(Data provided)

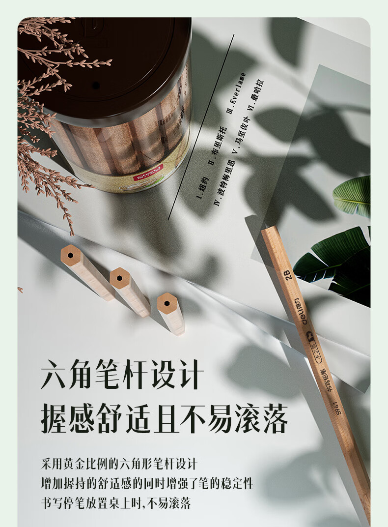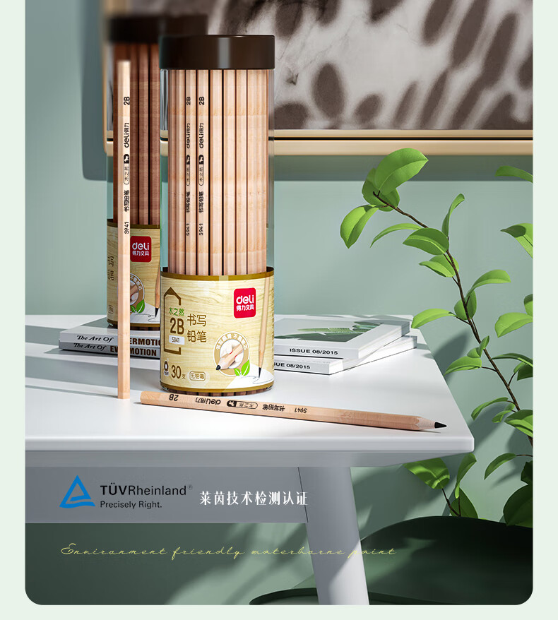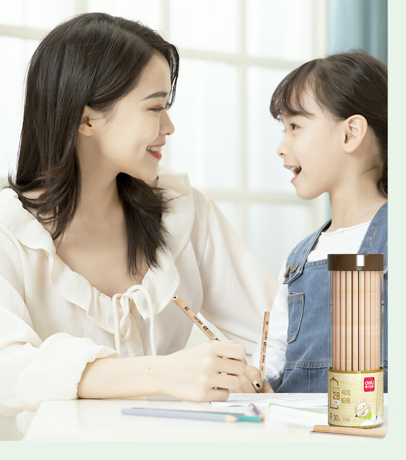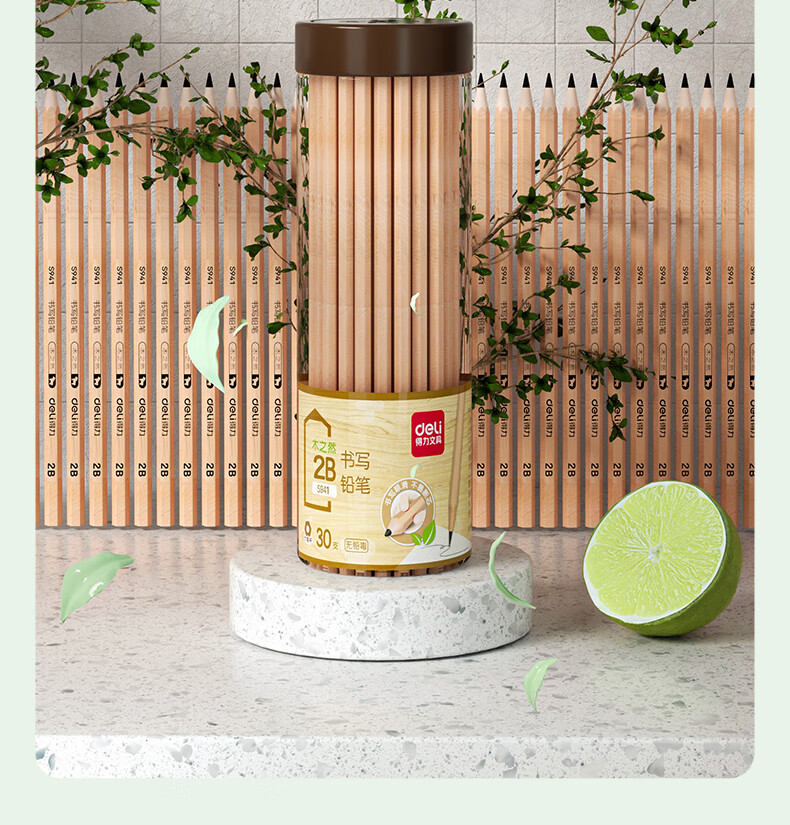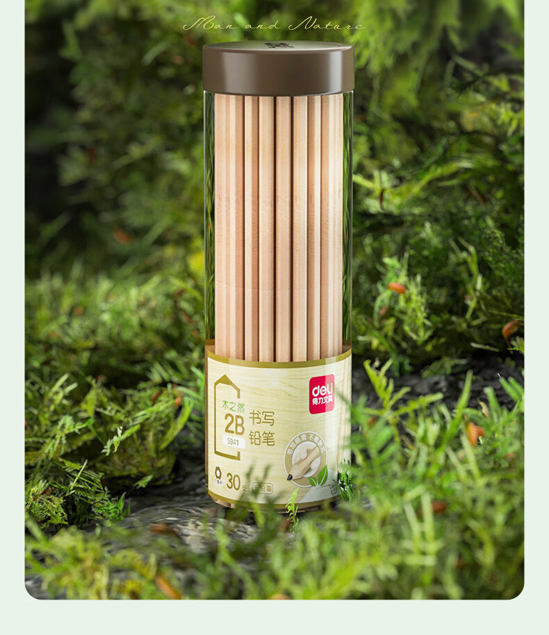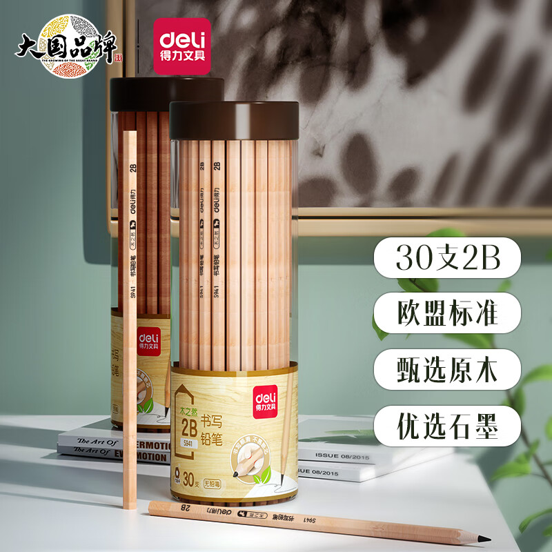 得力(deli)木之然系列2B六角笔杆书写绘画素描铅笔 30支/桶S941-2B
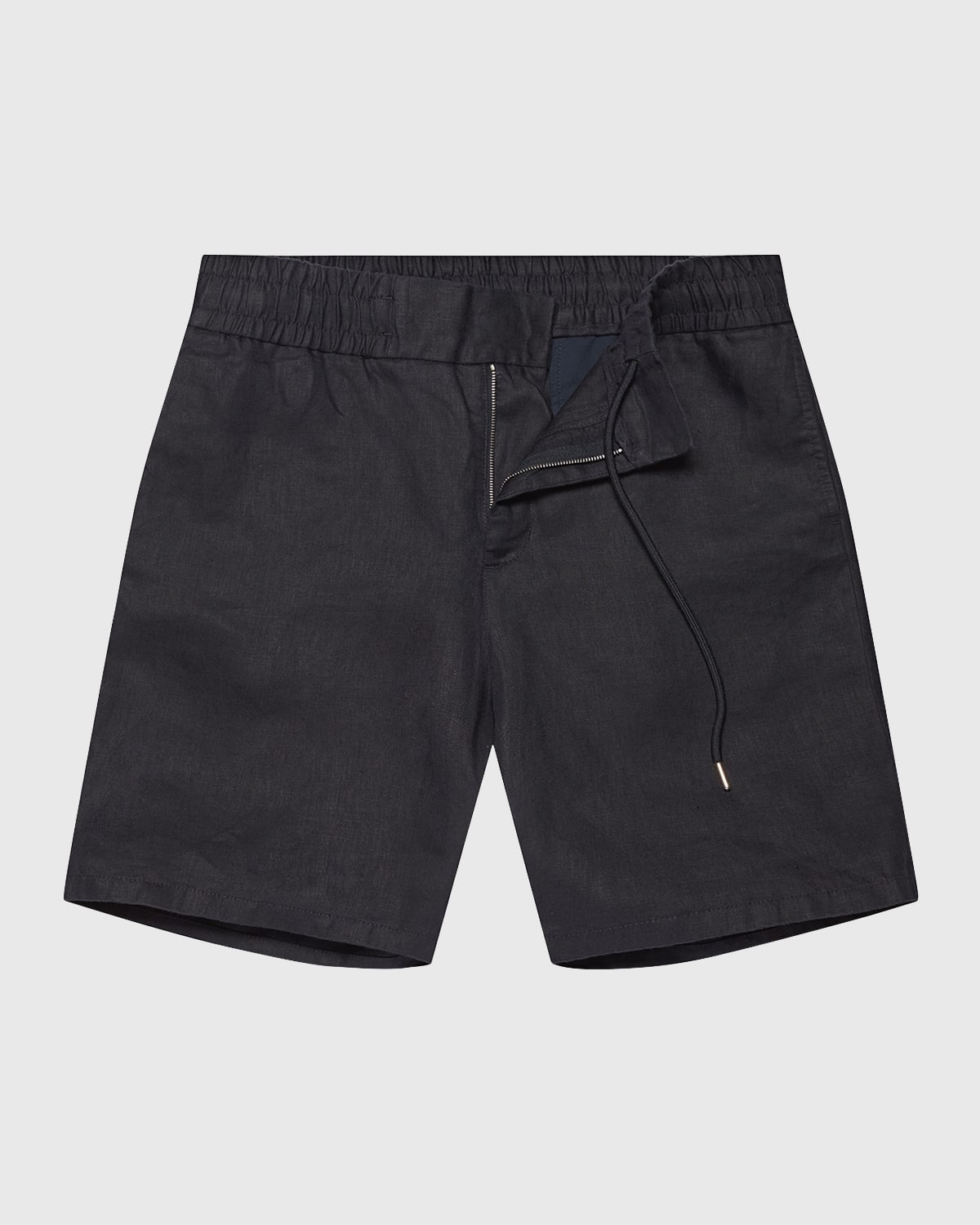 - Orlebar Brown "Cornell" shorts in garment-washed slub linen - Elasticized waist - Zip fly with tubular drawcord - Side slip pockets - Back welt pockets - Tailored fit - Dry clean - Made in Portugal - Model is 6'1"/185cm.
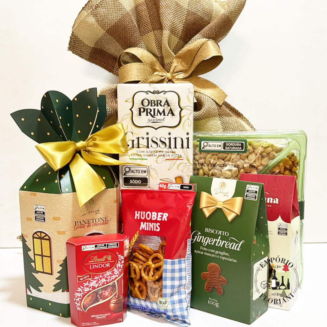 Contem: panetone ou chocotone 250gr, caixa bombons importados, grissini, bandeja mix amendoim, biscoito gingerbread, drageas de chocolate, salgadinho mini bre
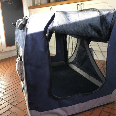 Tygbur för husdjur i rosa och svart färg. Burens material är tyg och den är utformad för att vara bärbar och användbar för transport eller tillfällig inhysning av husdjur.
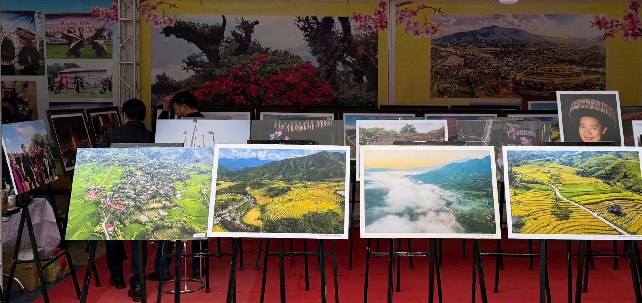 Bên cạnh không gian trưng bày ảnh, triển lãm còn kết hợp giới thiệu các sản phẩm truyền thống của huyện như thổ cẩm, nông sản, dược liệu và các mặt hàng thủ công đặc trưng.
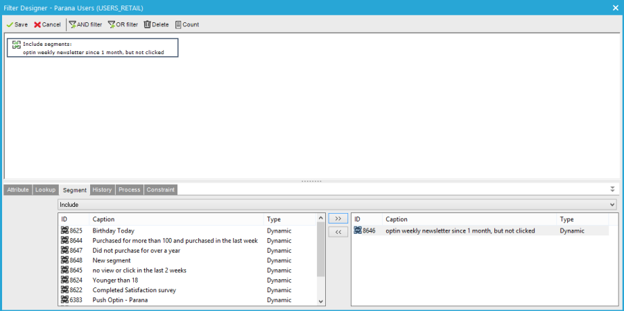 The segment will be available at the next sync in Campaign as a dynamic segment on the audience list.
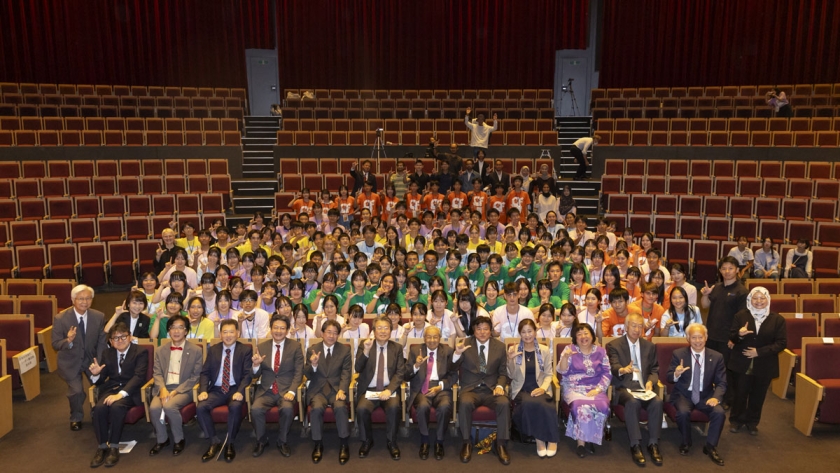 The panel discussion was co-hosted by the Japan Future Leaders School, a summer school supported by local governments and industry, including those in Fukuoka Prefecture, with around 150 high school students participating from across Japan. The selected team from the program gave presentations in English, followed by responses from the panelists, engaging in meaningful dialogue on building a future without conflict.
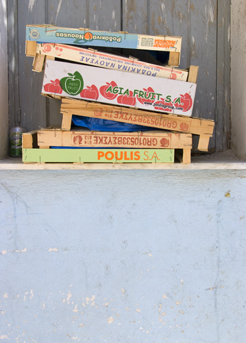 bildreich karten PK 629: sommerfrisch. Hochformat. (Obst, Obstkisten, Obstgebinde, Mauer, Stapel, Händler, Griechenland, Lesbos) Mindestbestellmenge: 15 Karten (auch assortiert).
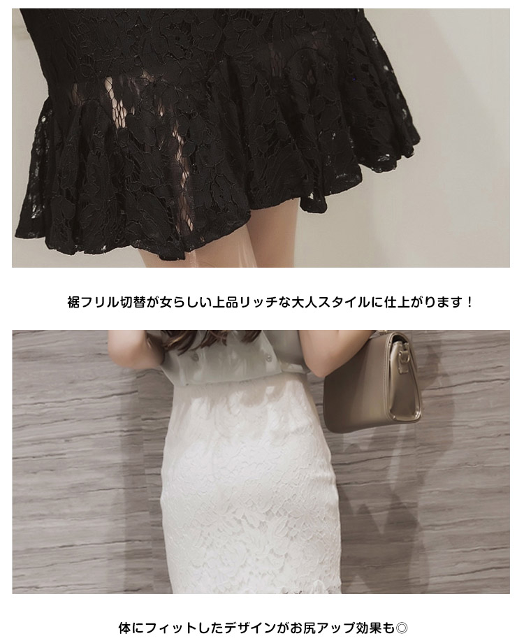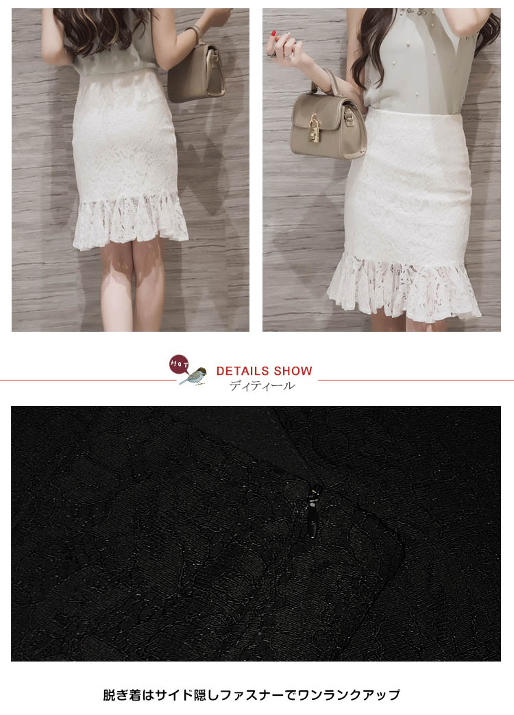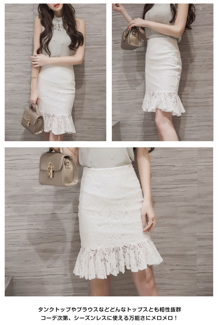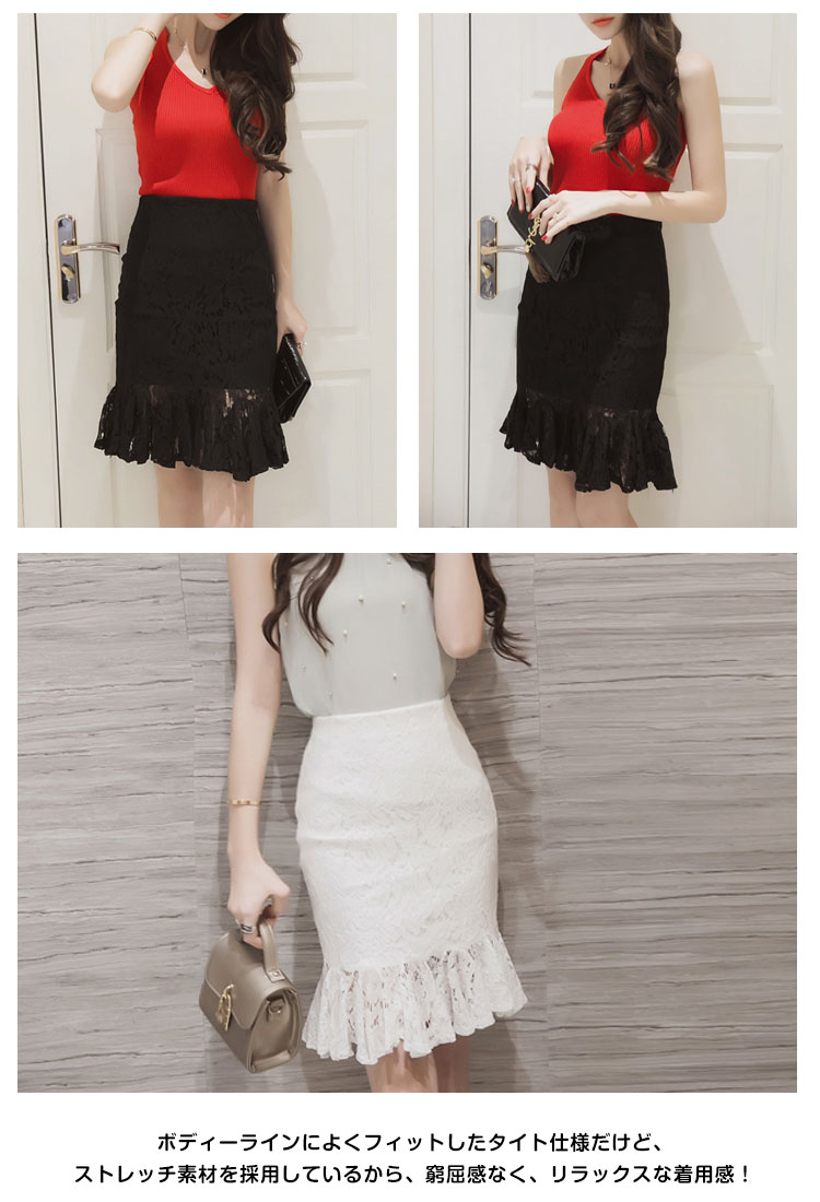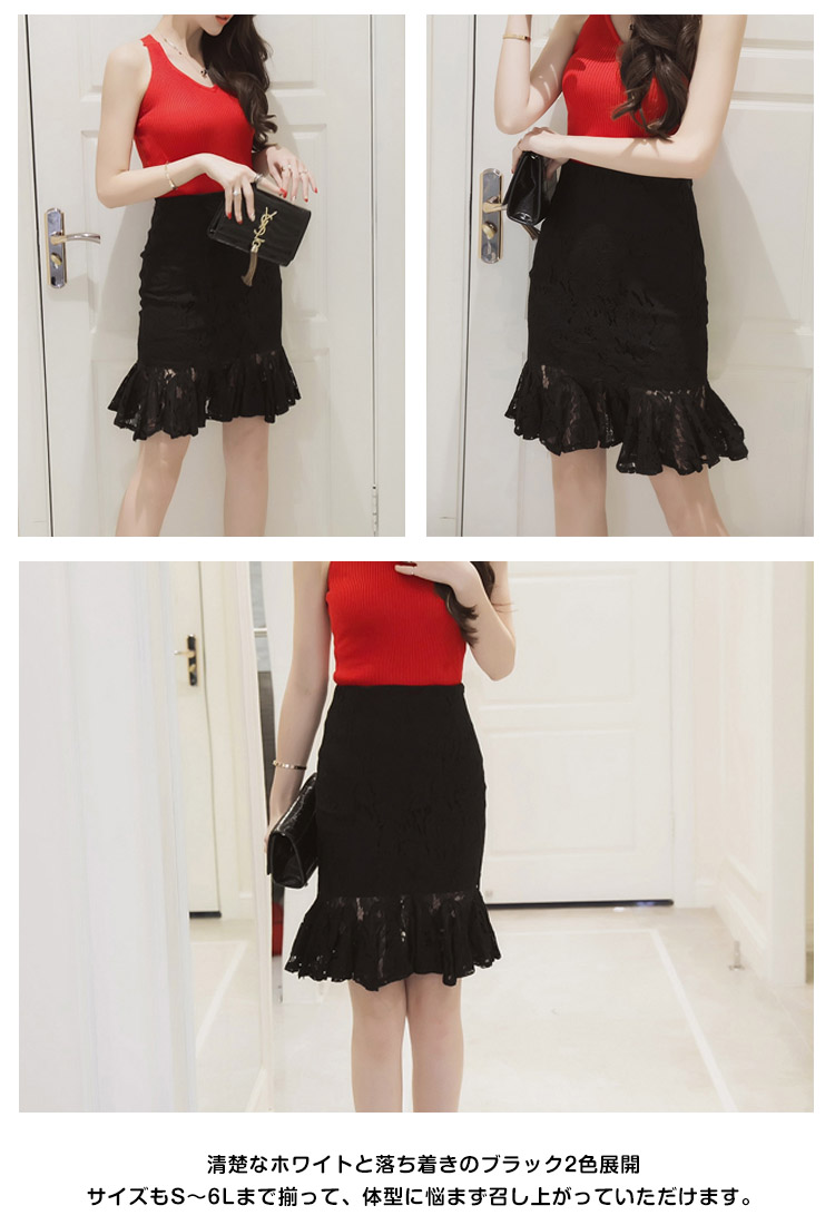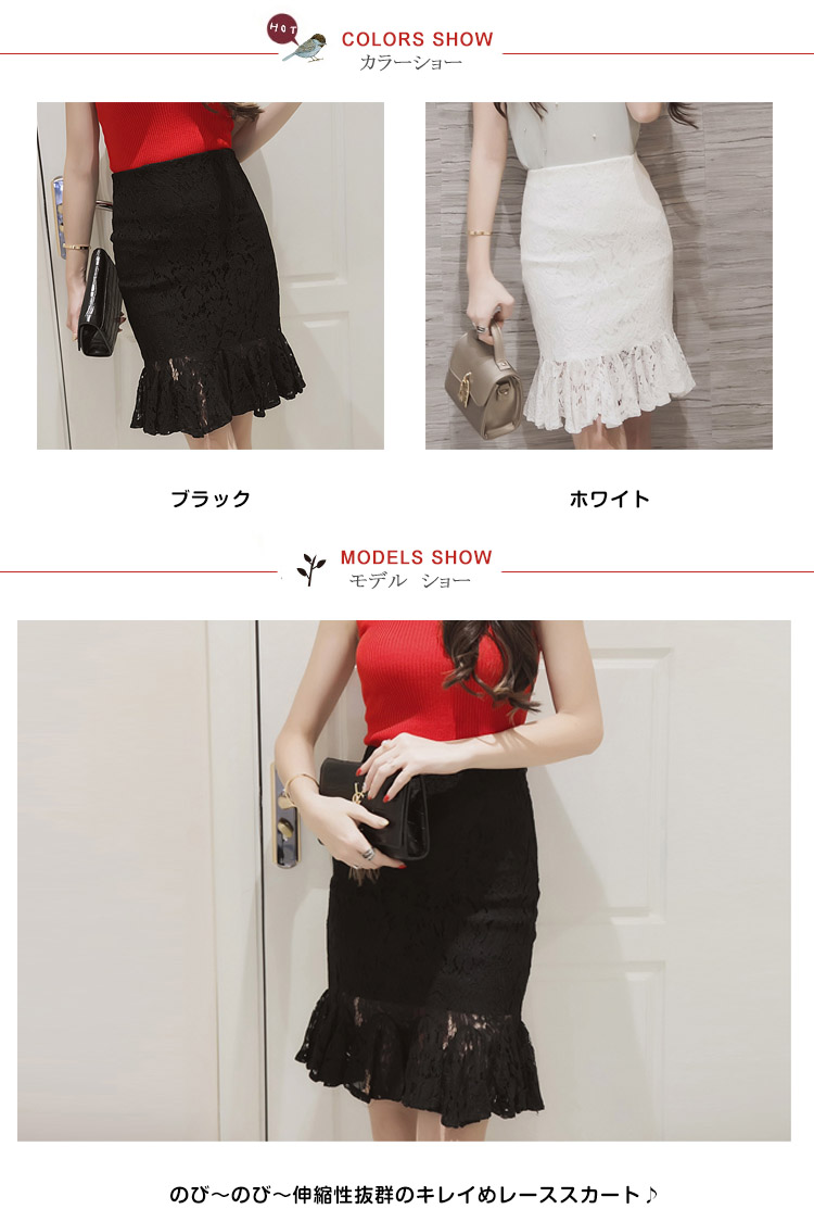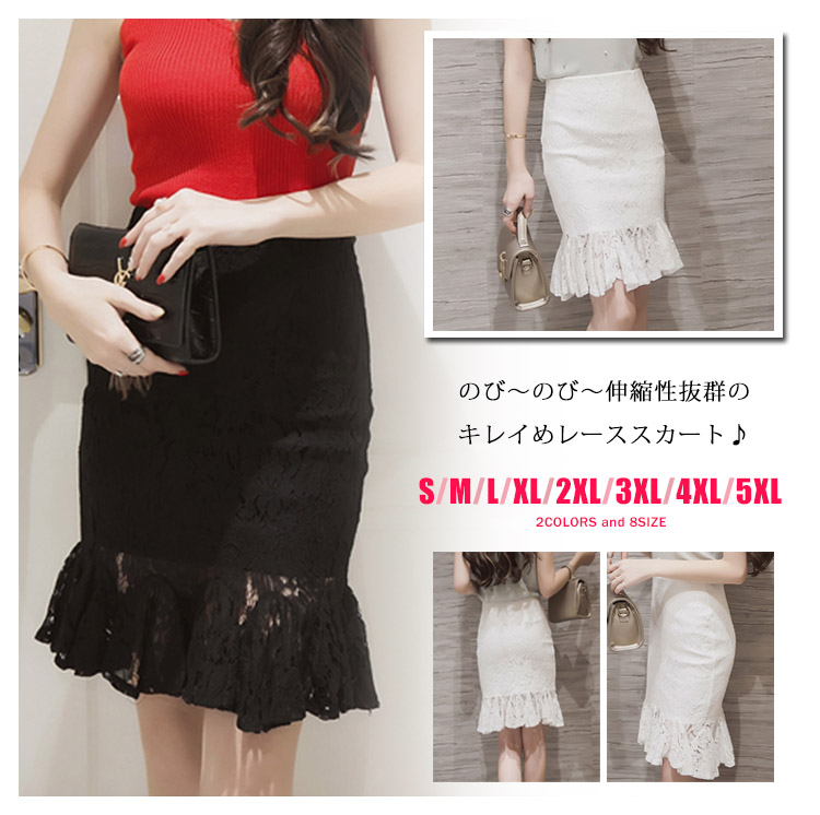 | のび?のび?伸縮性抜群のキレイめレーススカート♪清楚なホワイトと落ち着きのブラック2色展開サイズもS?6Lまで揃って、体型に悩まず召し上がっていただけます。ボディーラインによくフィットしたタイト仕様だけど、ストレッチ素材を採用しているから、窮屈感なく、リラックスな着用感!タンクトップやブラウスなどどんなトップスとも相性抜群コーデ次第、シーズンレスに使える万能さにメロメロ! | |

(End Data provided)

#### What you need to do
Leave the pictures out and reproduce exactly the lines from the top of the listing above through the line with "- Orlebar Brown".

#### Exercise solution
 得力(deli)木之然系列2B六角笔杆书写绘画素描铅笔 30支/桶S941-2B
 - Orlebar Brown "Cornell" shorts in garment-washed slub linen - Elasticized waist - Zip fly with tubular drawcord - Side slip pockets - Back welt pockets - Tailored fit - Dry clean - Made in Portugal - Model is 6'1"/185cm.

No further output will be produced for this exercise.